◆ RECORDS FOR THIS EXERCISE ◆
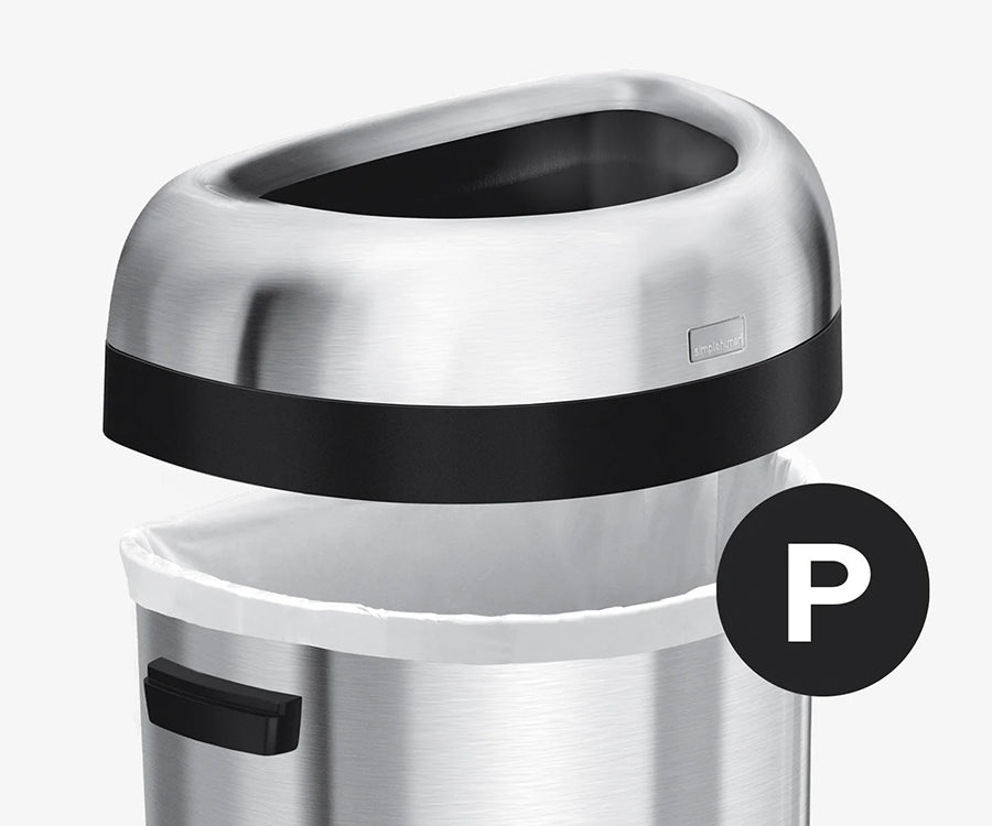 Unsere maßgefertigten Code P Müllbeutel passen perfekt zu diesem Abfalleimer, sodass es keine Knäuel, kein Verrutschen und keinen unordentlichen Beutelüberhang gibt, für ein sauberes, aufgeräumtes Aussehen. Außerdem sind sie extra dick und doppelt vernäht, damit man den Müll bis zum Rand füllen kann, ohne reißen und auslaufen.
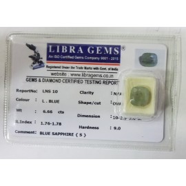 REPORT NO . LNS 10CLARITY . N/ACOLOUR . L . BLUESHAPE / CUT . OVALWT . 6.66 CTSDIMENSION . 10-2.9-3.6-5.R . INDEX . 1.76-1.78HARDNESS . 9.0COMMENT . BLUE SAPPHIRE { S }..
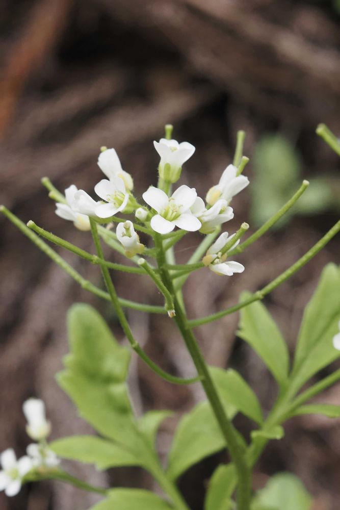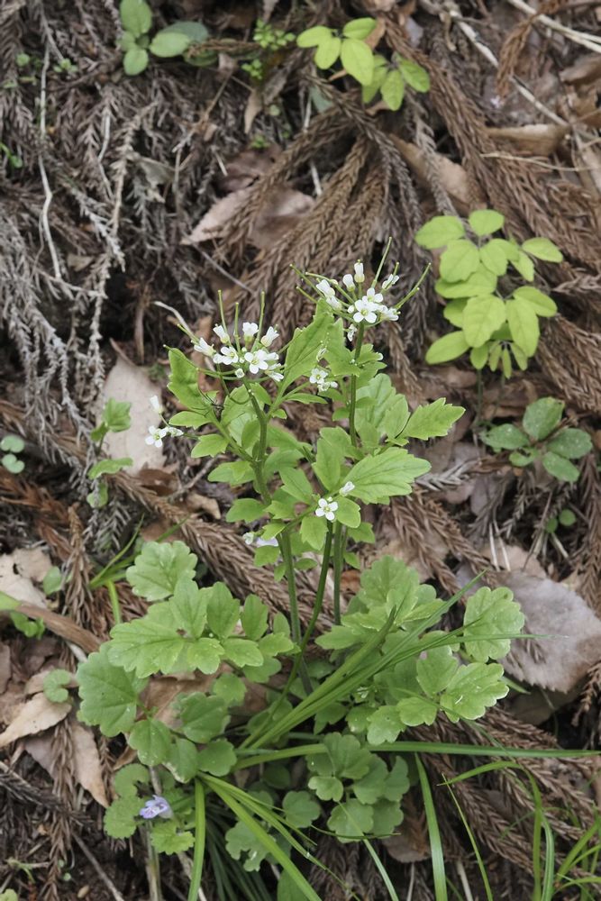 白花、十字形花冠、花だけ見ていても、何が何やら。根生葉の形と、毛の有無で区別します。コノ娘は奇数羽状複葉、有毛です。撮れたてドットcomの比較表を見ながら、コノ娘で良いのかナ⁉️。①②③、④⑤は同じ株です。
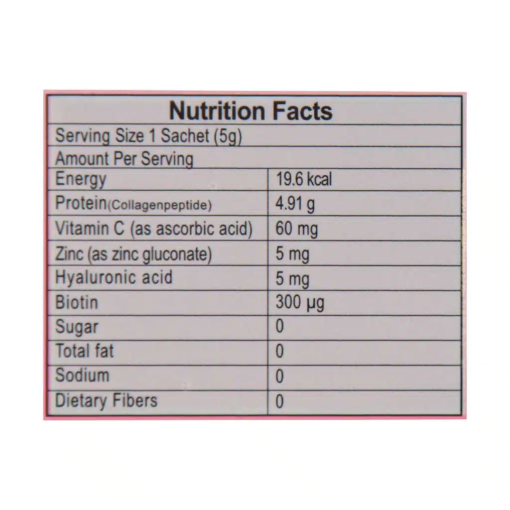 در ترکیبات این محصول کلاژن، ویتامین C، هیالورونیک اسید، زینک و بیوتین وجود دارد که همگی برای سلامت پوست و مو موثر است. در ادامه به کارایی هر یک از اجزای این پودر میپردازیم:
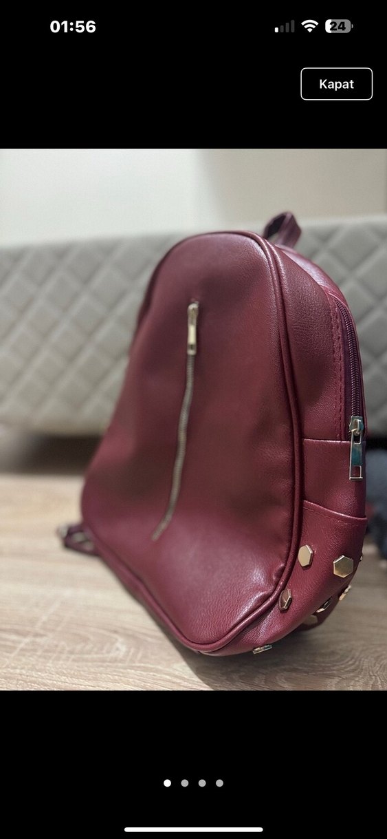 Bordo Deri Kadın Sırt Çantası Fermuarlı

◆ DIRECTIONS ◆
Restate each entry word for word, leaving out any pictures.

◆ WRITTEN ANSWER ◆
 Unsere maßgefertigten Code P Müllbeutel passen perfekt zu diesem Abfalleimer, sodass es keine Knäuel, kein Verrutschen und keinen unordentlichen Beutelüberhang gibt, für ein sauberes, aufgeräumtes Aussehen. Außerdem sind sie extra dick und doppelt vernäht, damit man den Müll bis zum Rand füllen kann, ohne reißen und auslaufen.
 REPORT NO . LNS 10CLARITY . N/ACOLOUR . L . BLUESHAPE / CUT . OVALWT . 6.66 CTSDIMENSION . 10-2.9-3.6-5.R . INDEX . 1.76-1.78HARDNESS . 9.0COMMENT . BLUE SAPPHIRE { S }..
 白花、十字形花冠、花だけ見ていても、何が何やら。根生葉の形と、毛の有無で区別します。コノ娘は奇数羽状複葉、有毛です。撮れたてドットcomの比較表を見ながら、コノ娘で良いのかナ⁉️。①②③、④⑤は同じ株です。
 در ترکیبات این محصول کلاژن، ویتامین C، هیالورونیک اسید، زینک و بیوتین وجود دارد که همگی برای سلامت پوست و مو موثر است. در ادامه به کارایی هر یک از اجزای این پودر میپردازیم:
 Bordo Deri Kadın Sırt Çantası Fermuarlı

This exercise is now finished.